* _Work to be completed_: Print every entry word for word, but omit the pictures.

[Data items]
■ ■ ■ ■ ■ ■ ■
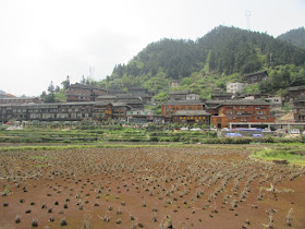 看過苗家建築過後,就沿標示去田野,近距離欣賞農田和梯田風光,時值春季,有些苗家婦女穿著水鞋,陷進田中泥沼插秧,亦有婦女在梯田間穿梭,幾個月後將是苗家人的光景。田園風光總教人舒服,煩惱都會無形中拋諸腦後,有遊客在江邊寫生,亦有充滿童真的孩子在江邊嬉戲,童真這兩個字對香城社會來說是不存在的,大多數孩子自細就被培養出長輩間分享榮耀及創造廿年願景的工具。直落江邊,再踩石級過對岸,體驗一下在境外遠足的感覺,再快速回苗寨。到苗寨時離十二點午飯時間只餘六分鐘,就繼續以極快步速走至餐廳。
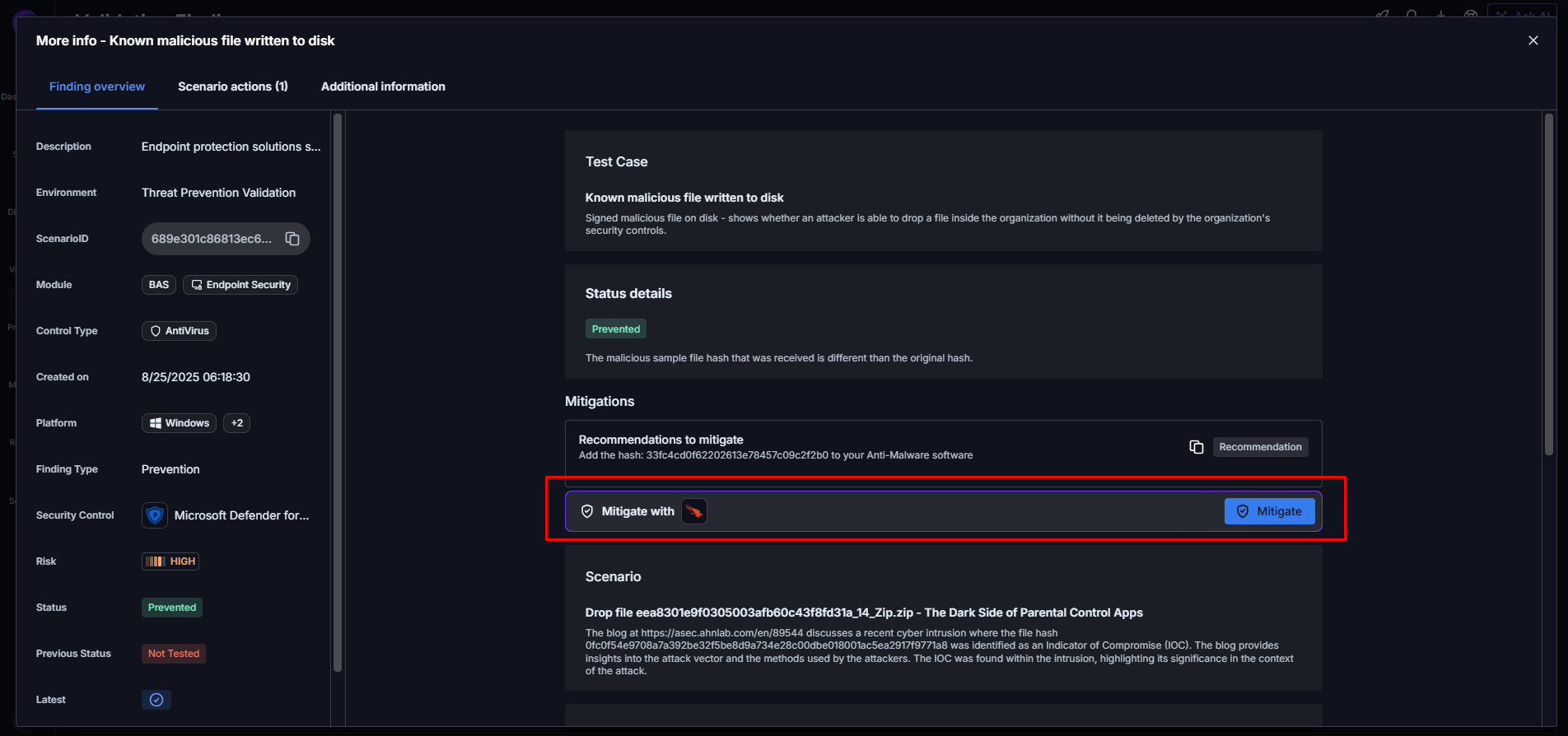 This automation accelerates threat prevention and detection at scale, eliminating the manual effort traditionally required to update controls for each identified gap. By streamlining remediation, Cymulate enables teams to build resilience faster and then rerun the same assessment with a single click to validate that the mitigation worked.
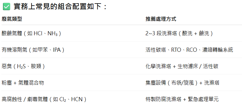 化學製程廢氣處理的常見流程與設備:
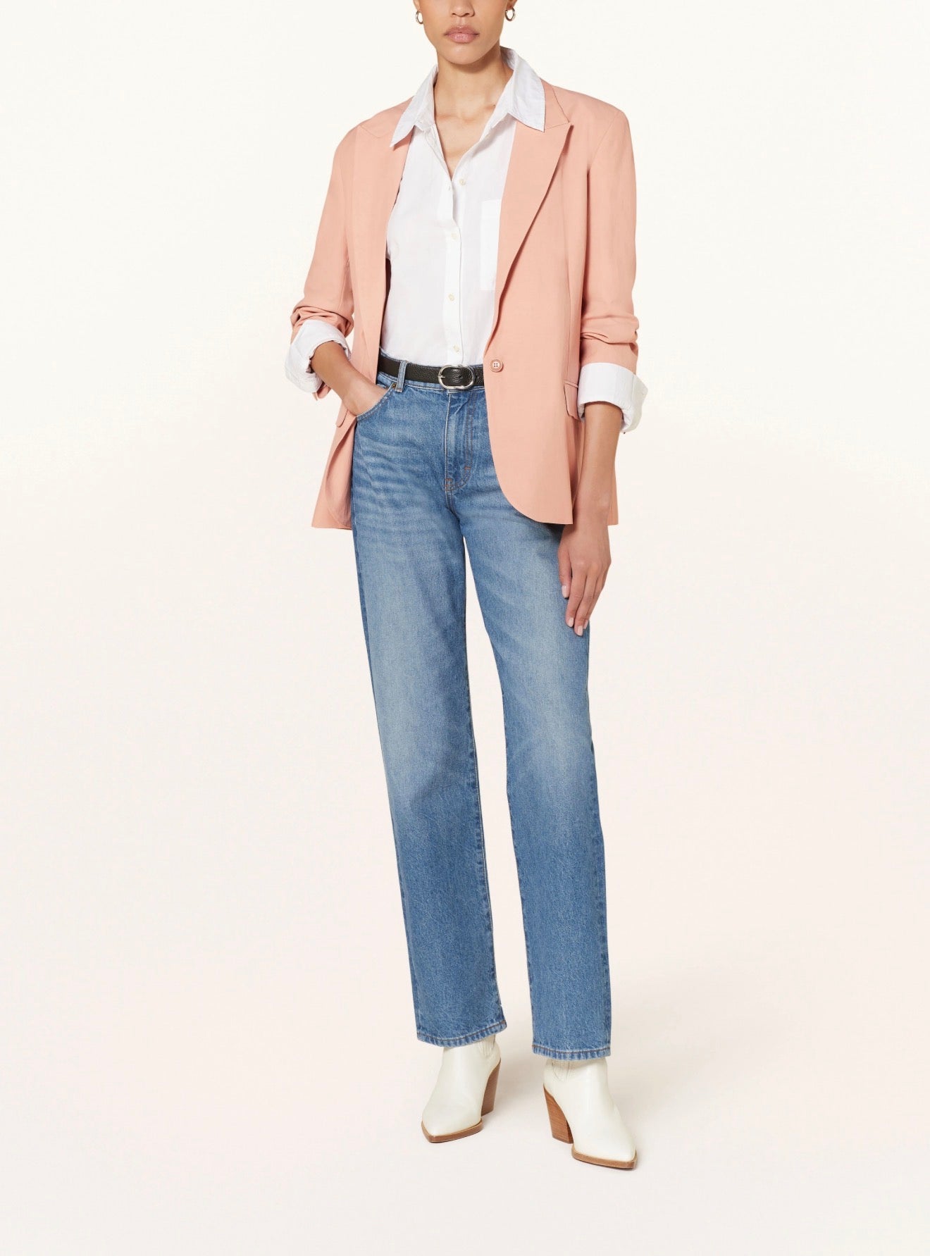 FEROY – elegantiškas, lengvai krintantis švarkas su subtiliai laisvu siluetu. Šoniniai kišenių atvartai suteikia struktūros, išlaikant lengvą ir rafinuotą įvaizdį. Šis modelis puikiai tinka dėvėti kaip kostiumo dalį su derančiomis kelnėmis, ant plonų petnešėlių viršaus ar marškinių. Taip pat – puiki alternatyva suknelei vestuvėms ar ypatingai progai. Kasdienai lengvai derinamas su džinsais ar suknelėmis, suteikiant stiliaus akcentą.
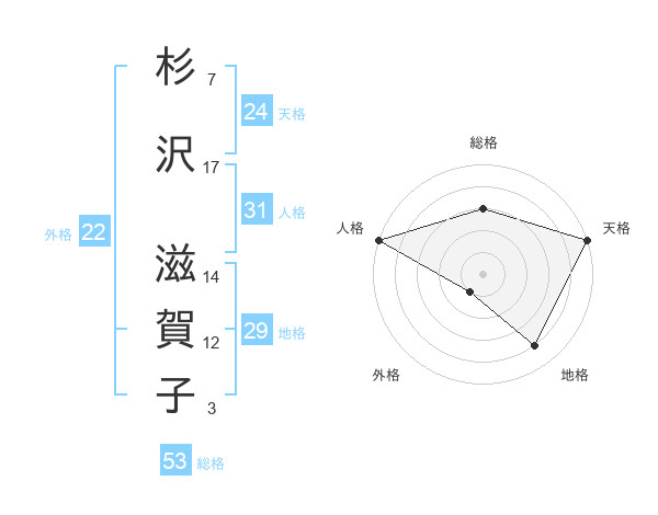 杉沢 滋賀子さんを姓名の画数から五運を鑑定
■ ■ ■ ■ ■ ■ ■
* _Exercise solution_:
 看過苗家建築過後,就沿標示去田野,近距離欣賞農田和梯田風光,時值春季,有些苗家婦女穿著水鞋,陷進田中泥沼插秧,亦有婦女在梯田間穿梭,幾個月後將是苗家人的光景。田園風光總教人舒服,煩惱都會無形中拋諸腦後,有遊客在江邊寫生,亦有充滿童真的孩子在江邊嬉戲,童真這兩個字對香城社會來說是不存在的,大多數孩子自細就被培養出長輩間分享榮耀及創造廿年願景的工具。直落江邊,再踩石級過對岸,體驗一下在境外遠足的感覺,再快速回苗寨。到苗寨時離十二點午飯時間只餘六分鐘,就繼續以極快步速走至餐廳。
 This automation accelerates threat prevention and detection at scale, eliminating the manual effort traditionally required to update controls for each identified gap. By streamlining remediation, Cymulate enables teams to build resilience faster and then rerun the same assessment with a single click to validate that the mitigation worked.
 化學製程廢氣處理的常見流程與設備:
 FEROY – elegantiškas, lengvai krintantis švarkas su subtiliai laisvu siluetu. Šoniniai kišenių atvartai suteikia struktūros, išlaikant lengvą ir rafinuotą įvaizdį. Šis modelis puikiai tinka dėvėti kaip kostiumo dalį su derančiomis kelnėmis, ant plonų petnešėlių viršaus ar marškinių. Taip pat – puiki alternatyva suknelei vestuvėms ar ypatingai progai. Kasdienai lengvai derinamas su džinsais ar suknelėmis, suteikiant stiliaus akcentą.
 杉沢 滋賀子さんを姓名の画数から五運を鑑定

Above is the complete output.